Sarah Bedolfe
Marine mammals are well adapted to a deep-diving lifestyle, but they aren’t immune to decompression sickness.

Focusing on science, technology, engineering, and math (STEM), as they pertain to the ocean.

In a previous post, we discussed how humans can SCUBA dive underwater – and even live there, with the help of bases such as Aquarius – without suffering from the bends. Decompression sickness, known as the bends, occurs after the nitrogen a diver breathes enters the blood stream while at depth; if the diver ascends to the surface too quickly and doesn’t allow time to exhale the gas, the nitrogen bubbles up in the blood stream.

Typically this isn’t a concern for people who freedive – diving without an air tank, holding their breath. Since they don’t get extra air at depth and they can’t spend very long underwater, the body doesn’t absorb enough nitrogen to cause such problems, but doing many repeated dives can be more dangerous. Symptoms of decompression sickness have been found in commercial freedivers, for example pearl harvesters, who make long, deep, and frequent dives.

For a long time, scientists were unsure if marine mammals could get the bends during long and repetitive deep dives – or if they don’t, how they avoided it.
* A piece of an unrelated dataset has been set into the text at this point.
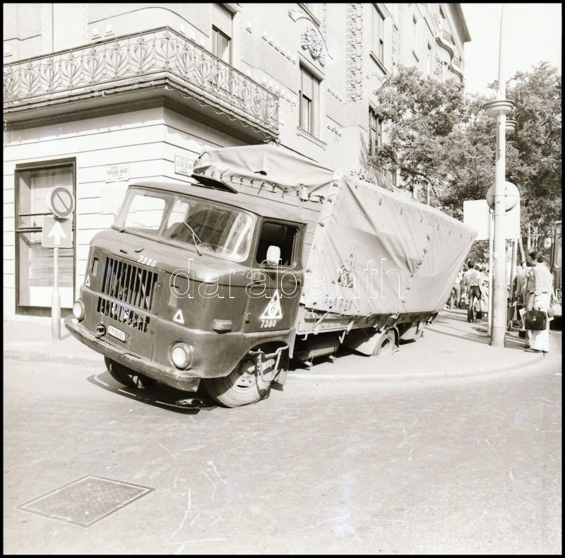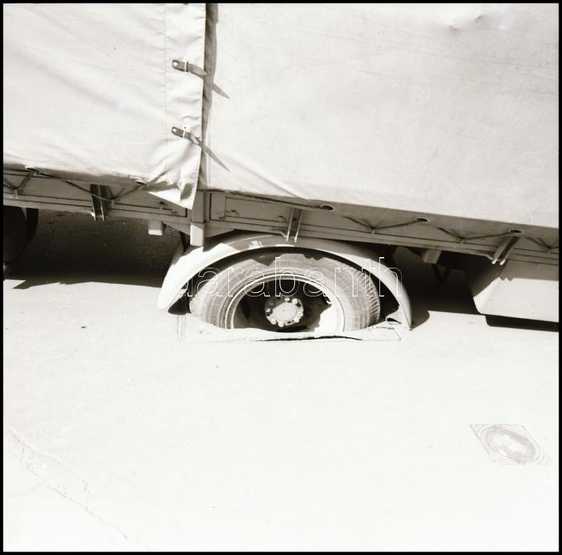 Leírás: 1979 Budapest, teherautó kátyúban, 2 db vintage NEGATÍV, 6x6 cm

We know now that marine mammals typically don’t get the bends, but that they can under certain conditions. 

Photo by Joyce (headharbourlight) via Flickr, Creative Commons License. 

Diving response is a reflex that all vertebrates have, including humans, but it is most strongly developed in diving animals. They automatically slow their heart rate and send blood flow away from the muscles and to the most important organs such as the brain to conserve oxygen. They also have high levels of hemoglobin and myoglobin, which store oxygen, in their blood.
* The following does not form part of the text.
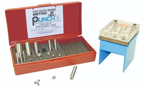 METRIC 10 TruPunch® by PRECISION BRAND is the first true metric self-centering punch and die set with stand.

Their main defense against the bends is that their lung structure can collapse under high pressure. This forces the air away from the alveoli and into the upper airways where the gas can’t enter the bloodstream, and that’s what keeps the blood from absorbing too much nitrogen at depth. This also preserves a reservoir of oxygen that becomes available again during the trip back to the surface.
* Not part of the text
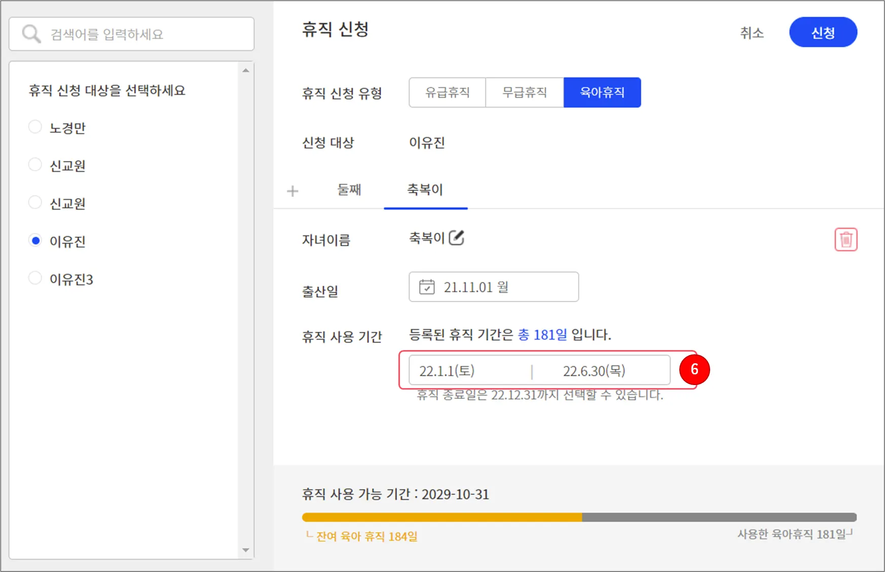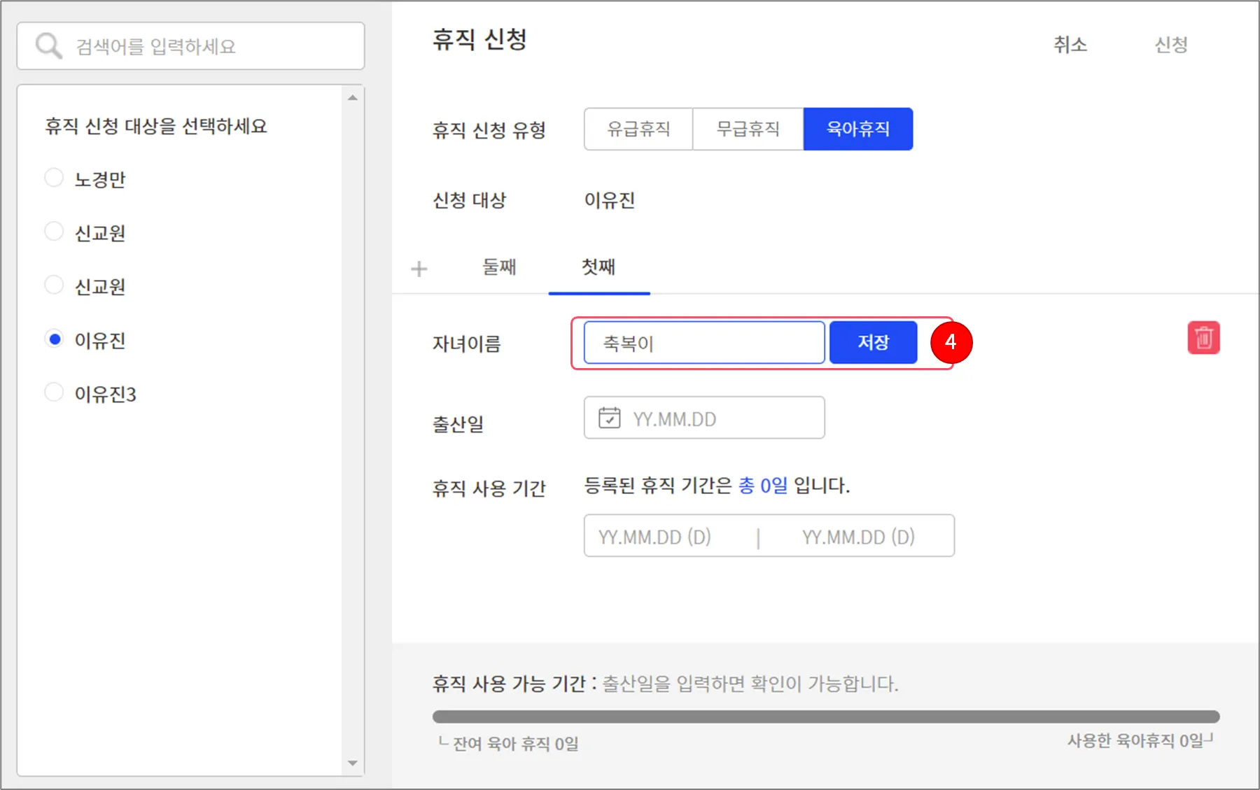 자녀의 출산일을 입력하면 휴직 사용 가능 기간이 표시됩니다.

While it has been known for a long time that marine mammals can collapse their lungs, a study published just last month was the first to measure it. Researchers were able to place a data logger on a female California sea lion, which would keep track of the partial pressure of oxygen in its main artery. A decrease in the oxygen pressure indicates lung collapse (because the air leftover in the lungs would be cut off from the blood stream), so they could see how its lung collapse corresponded to dive patterns.

Photo by John Norton via Flickr, Creative Commons License. 

The sea lion in the study did 48 dives of about six minutes each, and collapsed its lungs each time around 225 m (731 ft) deep. The sea lion could keep going to about 300 m (994 ft) before heading back to the surface. Oxygen pressure increased again around 247 m (802) feet, showing that it was drawing air back from the upper airways into the alveoli. The researchers also found that the sea lion inhaled more air and collapsed its lungs at a deeper depth if it was going on a deeper dive.

What are the conditions, then, under which a marine mammal can get the bends? A 2011 study that found symptoms of bubble formation in the bodies of beached whales, dolphins, and seals showed that their defenses against decompression sickness don’t always work.  The authors suggest that conditions, such as cold water, could force the whales to balance other needs (eg. circulation for warmth) with the need to dive safely.

Photo by Willy Volk via Flickr, Creative Commons License. 

There is another important factor: the symptoms of the bends were often found in the carcasses of animals that were exposed to extremely loud noise, such as naval sonar testing. Sonar has been linked to marine mammal deaths for a long time, though scientists don’t know yet exactly how or why. It may disorient them or force them to surface too quickly.

While there is a lot that we still don’t know about how marine mammals dive, we do know that even these animals who are so well adapted to a deep-diving lifestyle, aren’t immune to decompression sickness – and human activities may even be causing it.